■ **WORK INSTRUCTIONS**
With pictures excluded, output exactly the lines that run from the first line of the data below through the line containing "Next step will".

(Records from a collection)
········

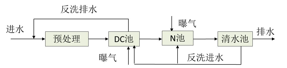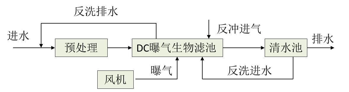 工藝流程:預(yù)處理過(guò)程去除大顆粒懸浮物——DC曝氣生物濾池降解有機(jī)物——排水
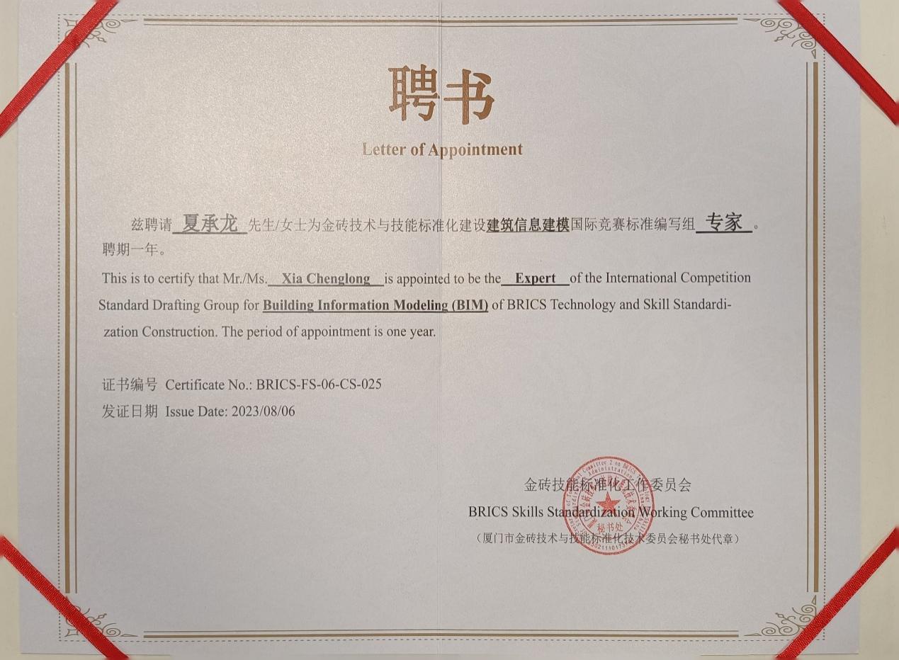 2023年8月6日,金砖技能国际团体标准制订之建筑信息建模竞赛标准制订工作会议在厦门召开。我院经济贸易学院夏承龙老师,作为金砖技能国际团体标准制订之建筑信息建模竞赛标准制订工作会议的专家,受邀参加此次标准制订相关起草、审议、修改等工作。
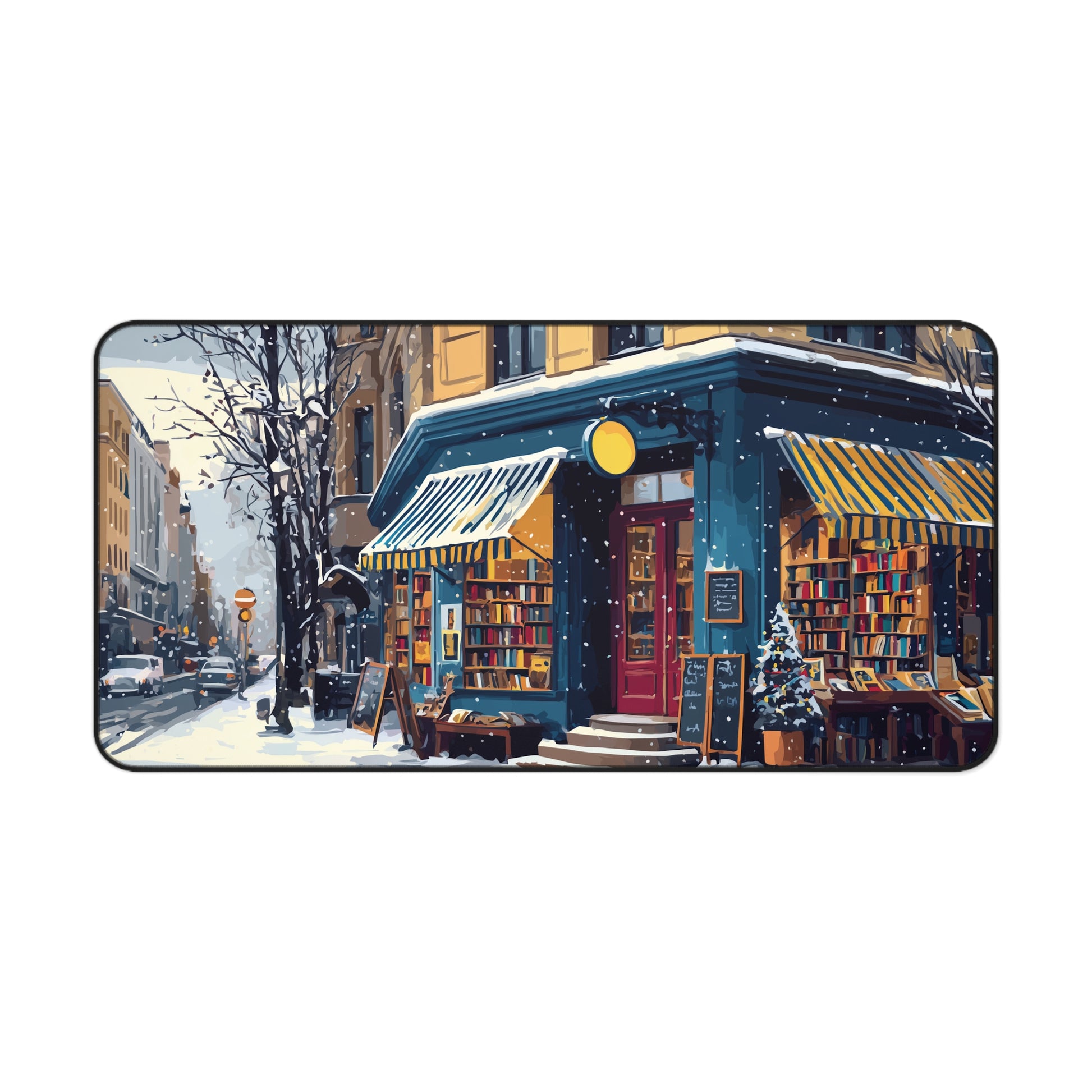 Step into a story every time you sit at your desk with this cozy winter bookstore desk mat.
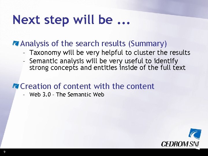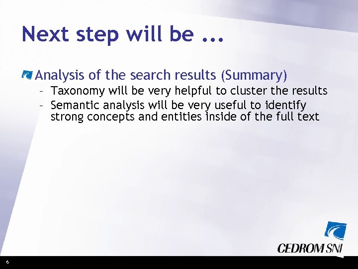 Next step will be. . . Analysis of the search results (Summary) – Taxonomy will be very helpful to cluster the results – Semantic analysis will be very useful to identify strong concepts and entities inside of the full text 6
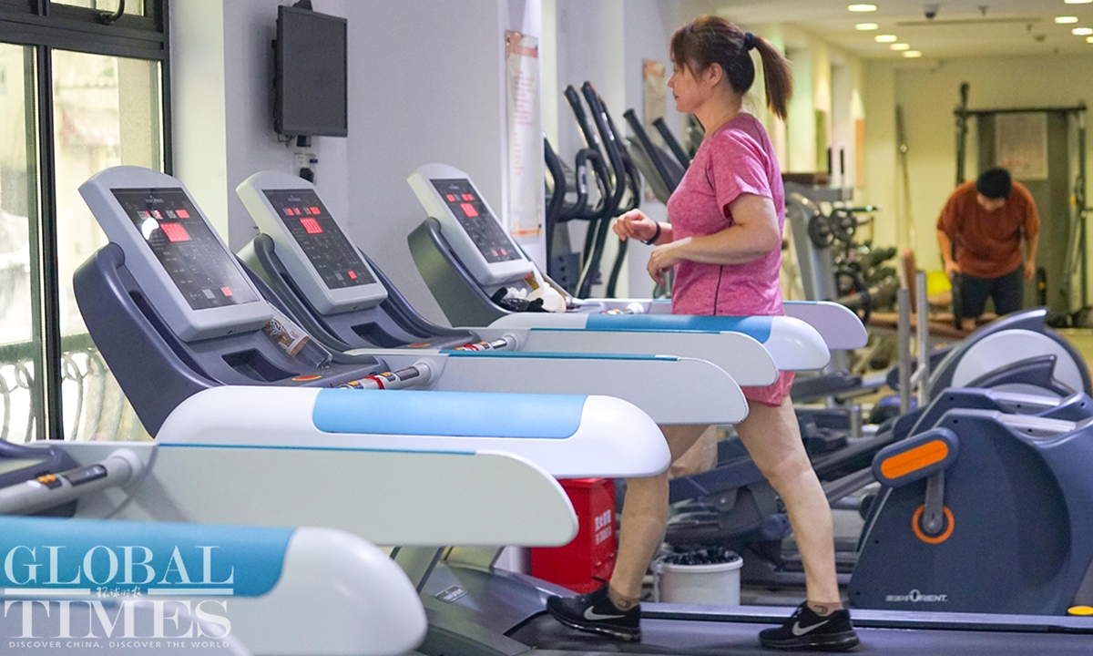 People play sports at various public sports facilities in Shanghai on Tuesday. Nearly 800 public sports facilities are open for free to the public in Shanghai on Tuesday, which marks the 15th National Fitness Day in China. Photos: Lu Ting/GT

········

■ **WRITTEN SOLUTION**
 工藝流程:預(yù)處理過(guò)程去除大顆粒懸浮物——DC曝氣生物濾池降解有機(jī)物——排水
 2023年8月6日,金砖技能国际团体标准制订之建筑信息建模竞赛标准制订工作会议在厦门召开。我院经济贸易学院夏承龙老师,作为金砖技能国际团体标准制订之建筑信息建模竞赛标准制订工作会议的专家,受邀参加此次标准制订相关起草、审议、修改等工作。
 Step into a story every time you sit at your desk with this cozy winter bookstore desk mat.
 Next step will be. . . Analysis of the search results (Summary) – Taxonomy will be very helpful to cluster the results – Semantic analysis will be very useful to identify strong concepts and entities inside of the full text 6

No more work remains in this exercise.